Glimson’s eyes held a flashing glint of triumph. “Then when Miss Witson drove past you, she was looking at you and talking to you. Is that right?”

“That’s right.”

“Let me see if I have understood your testimony correctly, Mrs. Cool. I believe you said that when you came to the intersection you brought your car almost to a stop.”

“That’s right.”

“Now let’s not misunderstand each other. When Miss Witson went past you, she was looking at you and talking to you, and your car was at the intersection, is that right?”

“Yes.”

“Then the front of her car must have been well into the intersection?”

“Well, yes.”

“While she was looking at you and talking to you?”

“Yes.”

“And all of this time she was traveling at a high rate of speed?”

“She was stepping on it. She had a heavy foot on the throttle.”

“And when did she turn around to look where she was going?” Glimson asked.

“Well, all of a sudden, it seemed to hit her that she hadn’t been looking...”

“Note an objection,” Mysgart said, “that the witness cannot testify as to what seemed to have been passing through my client’s mind. She can only testify...”

“Yes, yes,” Glimson interrupted. “Just tell us the facts, Mrs. Cool, not what you think.”

“Or what she thinks my client thought,” Mysgart added sarcastically.

Glimson glared at him.

Mysgart wiggled his upper lip so that his mustache scratched his nose.

“Well, she suddenly turned around and there was this other car right on top of her,” Bertha snapped.

“You mean the car which was being driven by Mr. Rolland B. Lidfield, the gentleman sitting at my right?”

“Yes.”

“And this car driven by Mr. Lidfield was turning to the left, was it not, so that it was headed up Mantica Street in a northerly direction?”

“That’s right.”

“And Miss Witson, with what you have described as a heavy foot on the throttle, charged her car blindly into the intersection of Garden Vista Boulevard and Mantica Street directly in front of the car driven by Mr. Lidfield. Is that right?”

“That’s right.”

Glimson settled back in his chair and lowered his hands until they rested across his stomach. He turned to Mysgart with a benign expression, “Would you care to cross-examine?”

Esther Witson stirred uneasily in her chair.

Mysgart made another little blind patting gesture in her general direction and said, “Certainly.”

“Go ahead.”

“Thank you,” Mysgart retorted with heavy sarcasm.

Mysgart shifted the position of his chair somewhat, Bertha Cool glanced at me with a triumphant expression as much as to say that no damn lawyer was going to mix her up, and then turned her eager little eyes on Mysgart.
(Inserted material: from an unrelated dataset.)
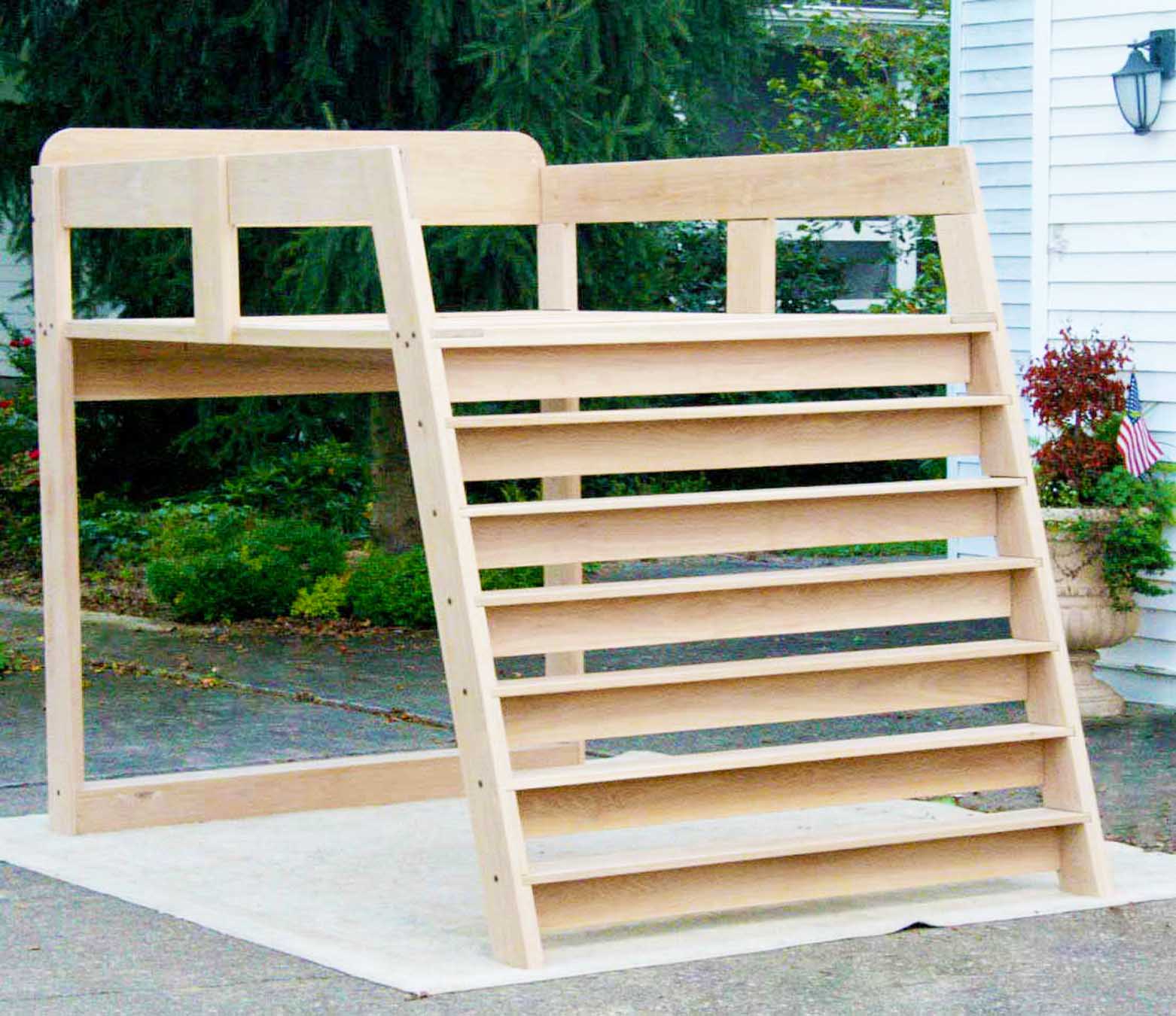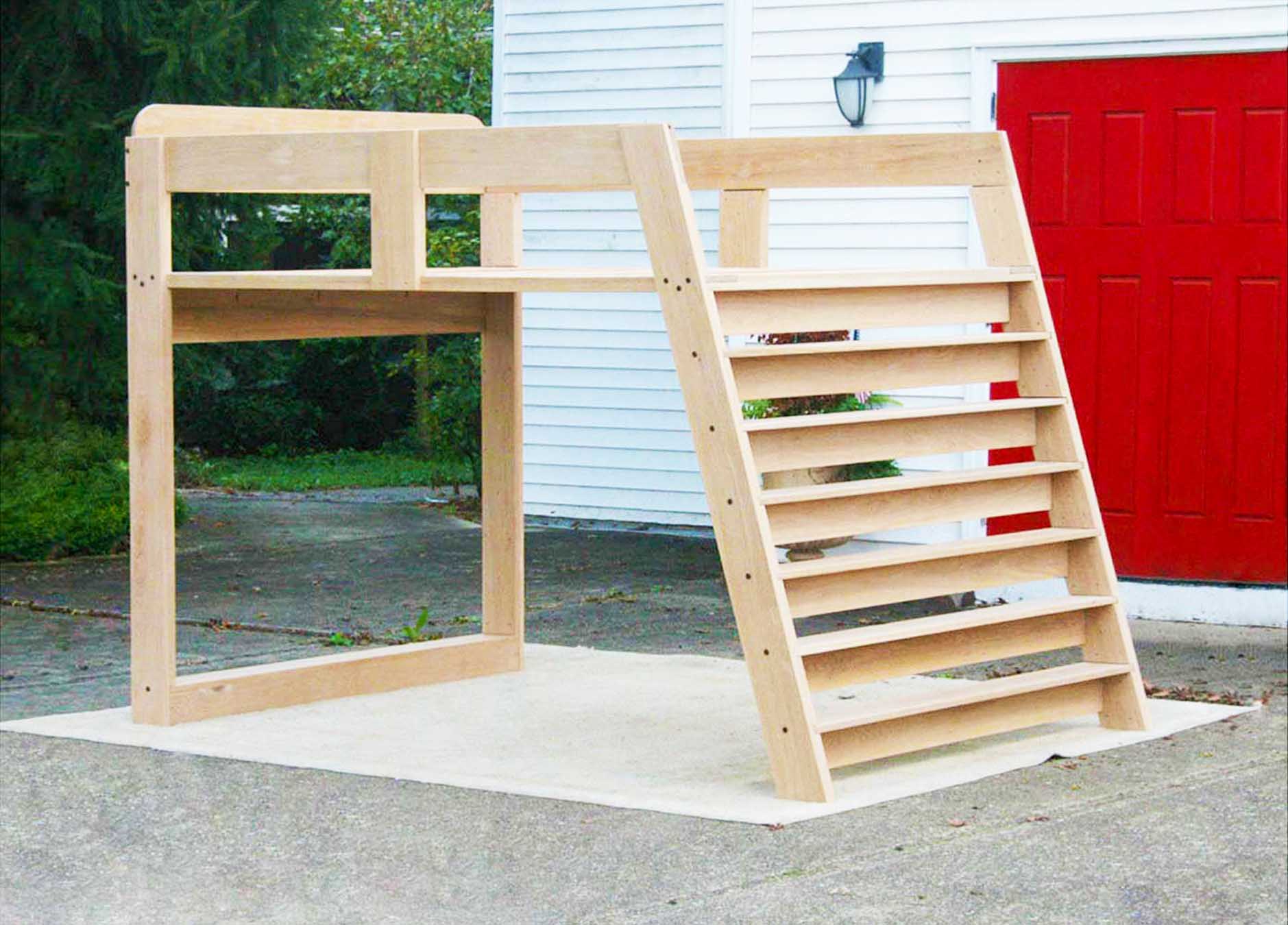Simple and space-saving! This loft bed integrates full width stairs into the bed structure. The bed is custom made for you. Contact Us to request almost any change that you would like.

Mysgart cleared his throat. “Now let’s just go back to the beginning and see if we get this straight, Mrs. Cool. You were proceeding in a westerly direction on Garden Vista Boulevard?”

“Yes.”

“And how long had you been driving westerly along Garden Vista Boulevard before you came to the intersection of Mantica Street?”

“Eight or ten blocks, perhaps.”

“Now at the intersection of Mantica Street, you have testified that your automobile was in the extreme right-hand lane, the lane that is next to the curb.”

“Yes.”

“And how long had it been in that lane?”

“I don’t know.”

“You wouldn’t say for eight or ten blocks?”

“No.”

“Some of the time you had been over on the extreme left-hand lane, the one that’s closest to the center of the road, hadn’t you, Mrs. Cool?”

“I suppose so.”

“And part of the time you had been in the middle lane?”

“No.”

Mysgart raised his eyebrows in surprise. “You’re certain of that, Mrs. Cool?”

“Absolutely certain,” Bertha snapped.

“At no time at all, had you operated your car in the middle lane? Is that right?”

“That’s right.”

“But you had been over on the left-hand lane?”

“Yes.”

“And at the time of the accident you were over on the right-hand lane?”

“Yes.”

“Then,” Mysgart said with elaborate sarcasm, “will you be so kind to tell us, Mrs. Cool, how you could possibly have got from the left-hand lane to the right-hand lane without driving over the middle lane?”

“I may have crossed it,” Bertha said.